Le Mémorial C est consultable en ligne sur le site de legilux.lu (à partir de l’année 1996) mais il n’est pas soumis à indexation, à l’exception du sommaire. Ce qui empêche les recherches par mot-clé ou par nom, par exemple. Il n’y a pas d’explication logique à ces restrictions, sinon probablement d’ordre politique. On se souvient que le ministre sortant Luc Frieden avait clairement indiqué en 2002, lors du lancement commercial du Registre de commerce et des sociétés,les raisons «philosophiques» derrièrele verrouillage de la consultation par nom des administrateurs: pas question d’en faire un outil au service des journalistes fouineurs…
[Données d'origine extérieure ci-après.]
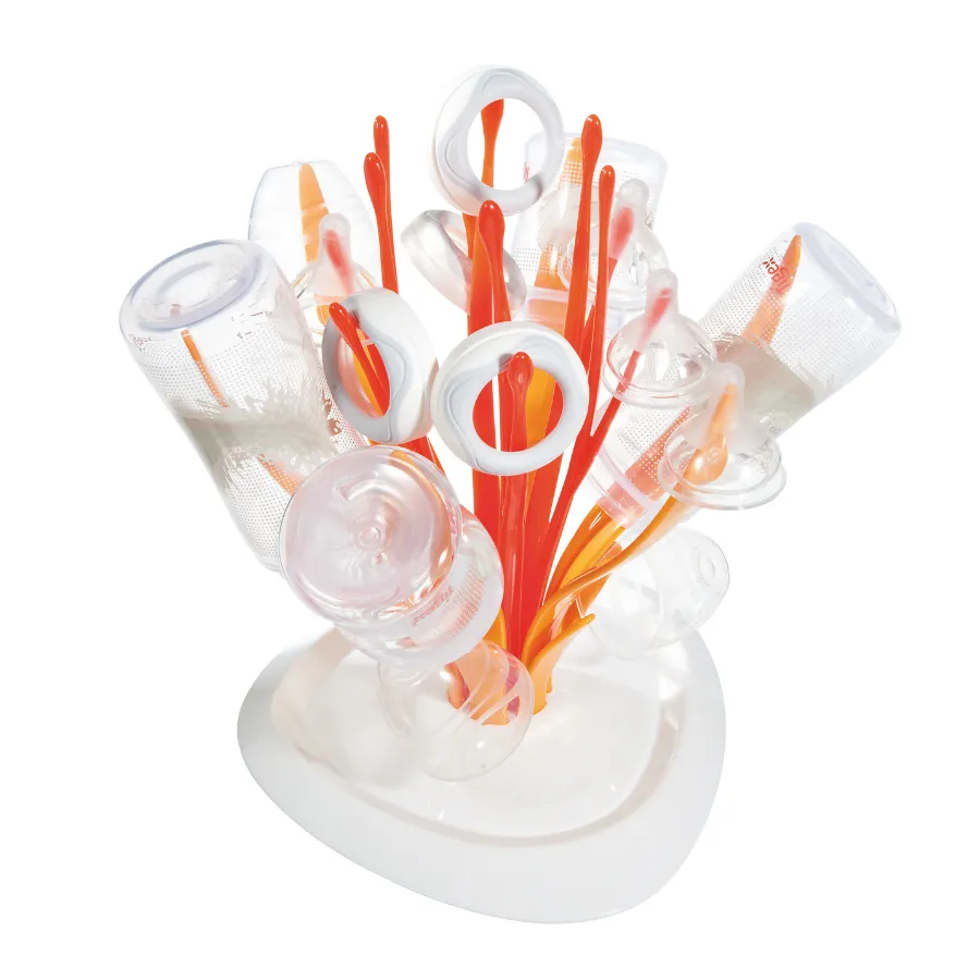Mantener tus biberones, tetinas y accesorios limpios y libres de gérmenes nunca ha sido tan fácil. El Escurre Biberones Tigex Flower es una solución eficiente que ahorra tiempo, optimizando la limpieza de todos los utensilios del bebé.

La Commission nationale pour la protection des données a pourtant autorisé l’indexation «intégrale, textes et tables» des Mémorial B et C à partir de 2009, ce qui devrait permettre, en principe, la recherche par mot-clé. Toutefois, cette consultation n’est pas disponible au grand public. «Les contraintes infrastructurelles liées à l’hébergement du portail ‘Legilux’ par le Centre des technologies de l’information de l’État (CTIE) n’ont pas encore permis de faire bénéficier, en ligne, l’usager des avantages d’une telle indexation», indique le rapport annuel 2012 du Service central de la législation.

En attendant que le CTIE fasse ses procédures de mise à jour, les moteurs de recherche sur internet de type Google «seront bloqués quant à leur accès direct à des données personnelles». V. P.